(Record set)

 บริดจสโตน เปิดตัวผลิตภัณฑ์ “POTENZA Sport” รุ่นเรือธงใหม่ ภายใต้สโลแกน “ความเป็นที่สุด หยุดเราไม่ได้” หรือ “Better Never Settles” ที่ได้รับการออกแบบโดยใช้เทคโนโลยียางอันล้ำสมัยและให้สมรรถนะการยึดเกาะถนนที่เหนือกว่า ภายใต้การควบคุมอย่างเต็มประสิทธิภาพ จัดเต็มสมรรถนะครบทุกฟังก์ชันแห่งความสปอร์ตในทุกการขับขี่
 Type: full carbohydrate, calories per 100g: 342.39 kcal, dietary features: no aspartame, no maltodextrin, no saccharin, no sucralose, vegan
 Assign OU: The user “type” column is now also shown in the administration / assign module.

(End Record set)
(Record set)

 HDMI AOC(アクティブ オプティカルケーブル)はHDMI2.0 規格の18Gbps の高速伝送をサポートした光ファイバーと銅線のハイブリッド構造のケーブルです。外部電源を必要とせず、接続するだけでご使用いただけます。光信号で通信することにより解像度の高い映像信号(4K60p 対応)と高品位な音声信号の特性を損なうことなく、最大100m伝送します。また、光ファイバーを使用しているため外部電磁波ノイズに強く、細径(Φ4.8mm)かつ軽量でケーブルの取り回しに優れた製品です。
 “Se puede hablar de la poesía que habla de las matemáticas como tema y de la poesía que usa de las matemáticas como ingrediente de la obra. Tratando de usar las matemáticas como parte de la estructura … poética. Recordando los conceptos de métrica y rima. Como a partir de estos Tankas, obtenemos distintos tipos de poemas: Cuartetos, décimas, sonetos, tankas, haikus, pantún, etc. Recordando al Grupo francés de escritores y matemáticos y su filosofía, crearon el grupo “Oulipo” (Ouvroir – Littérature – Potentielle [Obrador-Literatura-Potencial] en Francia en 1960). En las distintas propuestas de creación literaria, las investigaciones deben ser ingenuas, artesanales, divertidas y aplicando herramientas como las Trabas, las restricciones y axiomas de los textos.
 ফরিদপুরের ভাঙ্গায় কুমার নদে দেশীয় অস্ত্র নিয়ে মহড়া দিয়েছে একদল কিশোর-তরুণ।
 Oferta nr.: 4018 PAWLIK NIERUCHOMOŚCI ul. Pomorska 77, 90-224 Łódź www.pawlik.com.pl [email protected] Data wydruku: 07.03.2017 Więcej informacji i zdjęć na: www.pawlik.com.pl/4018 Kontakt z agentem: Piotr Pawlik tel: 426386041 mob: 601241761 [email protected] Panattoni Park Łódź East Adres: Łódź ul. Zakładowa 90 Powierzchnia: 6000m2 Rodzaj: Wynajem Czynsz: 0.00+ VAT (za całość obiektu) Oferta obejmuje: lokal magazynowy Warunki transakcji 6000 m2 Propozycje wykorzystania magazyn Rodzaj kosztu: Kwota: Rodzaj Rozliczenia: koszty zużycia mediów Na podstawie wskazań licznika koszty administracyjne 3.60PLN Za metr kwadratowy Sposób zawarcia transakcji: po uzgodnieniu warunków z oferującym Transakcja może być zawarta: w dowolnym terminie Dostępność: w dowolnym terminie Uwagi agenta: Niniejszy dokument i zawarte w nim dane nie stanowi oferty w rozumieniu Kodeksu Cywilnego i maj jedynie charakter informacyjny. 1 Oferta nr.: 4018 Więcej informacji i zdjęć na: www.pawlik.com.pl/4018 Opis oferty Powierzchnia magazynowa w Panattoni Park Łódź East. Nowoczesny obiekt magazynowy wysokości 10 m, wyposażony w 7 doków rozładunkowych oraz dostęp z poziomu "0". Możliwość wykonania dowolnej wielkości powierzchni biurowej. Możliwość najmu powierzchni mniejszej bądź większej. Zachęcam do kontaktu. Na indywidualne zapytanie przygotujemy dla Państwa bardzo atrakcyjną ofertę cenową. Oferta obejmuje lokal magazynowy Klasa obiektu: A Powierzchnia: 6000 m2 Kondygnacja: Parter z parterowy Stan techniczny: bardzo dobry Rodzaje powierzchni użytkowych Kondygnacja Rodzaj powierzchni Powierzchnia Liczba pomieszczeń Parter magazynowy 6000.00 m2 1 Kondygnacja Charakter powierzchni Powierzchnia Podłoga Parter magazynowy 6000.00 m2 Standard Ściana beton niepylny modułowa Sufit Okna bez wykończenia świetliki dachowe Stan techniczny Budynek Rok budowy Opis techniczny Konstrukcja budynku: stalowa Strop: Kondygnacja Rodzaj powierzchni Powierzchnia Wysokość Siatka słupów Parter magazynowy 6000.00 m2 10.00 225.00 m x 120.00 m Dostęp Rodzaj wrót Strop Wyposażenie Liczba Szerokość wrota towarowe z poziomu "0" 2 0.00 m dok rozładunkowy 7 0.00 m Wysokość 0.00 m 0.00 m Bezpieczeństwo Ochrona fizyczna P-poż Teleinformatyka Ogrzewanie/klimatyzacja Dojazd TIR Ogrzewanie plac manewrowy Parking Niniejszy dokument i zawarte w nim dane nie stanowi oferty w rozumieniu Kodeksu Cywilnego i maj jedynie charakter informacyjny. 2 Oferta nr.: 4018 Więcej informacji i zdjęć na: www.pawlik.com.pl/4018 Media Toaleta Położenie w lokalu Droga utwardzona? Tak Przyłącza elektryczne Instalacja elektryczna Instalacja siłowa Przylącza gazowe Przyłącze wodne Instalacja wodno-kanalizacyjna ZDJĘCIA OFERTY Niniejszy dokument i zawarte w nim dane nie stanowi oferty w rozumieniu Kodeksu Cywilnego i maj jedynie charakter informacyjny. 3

(End Record set)
(Record set)

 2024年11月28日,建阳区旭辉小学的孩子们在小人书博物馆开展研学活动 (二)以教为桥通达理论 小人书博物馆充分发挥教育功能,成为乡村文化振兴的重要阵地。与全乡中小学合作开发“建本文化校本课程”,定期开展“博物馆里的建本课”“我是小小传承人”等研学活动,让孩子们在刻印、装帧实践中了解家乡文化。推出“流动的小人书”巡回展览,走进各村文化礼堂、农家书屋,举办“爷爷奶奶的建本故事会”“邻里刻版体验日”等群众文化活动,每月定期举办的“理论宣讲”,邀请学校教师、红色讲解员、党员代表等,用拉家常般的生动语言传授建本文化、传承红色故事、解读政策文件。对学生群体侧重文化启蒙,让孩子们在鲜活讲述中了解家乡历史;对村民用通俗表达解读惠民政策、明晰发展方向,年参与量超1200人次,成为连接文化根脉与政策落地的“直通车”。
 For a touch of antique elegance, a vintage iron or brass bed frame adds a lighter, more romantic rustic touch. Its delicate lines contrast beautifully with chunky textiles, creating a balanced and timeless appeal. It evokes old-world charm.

(End Record set)

• Exercise instructions:
The reply should hold only the lines of the listing above starting at the line containing "Type: full carbohydrate, calories" and ending at the line containing "Assign OU: The", exactly as written.

• Result of the task:
 Type: full carbohydrate, calories per 100g: 342.39 kcal, dietary features: no aspartame, no maltodextrin, no saccharin, no sucralose, vegan
 Assign OU: The user “type” column is now also shown in the administration / assign module.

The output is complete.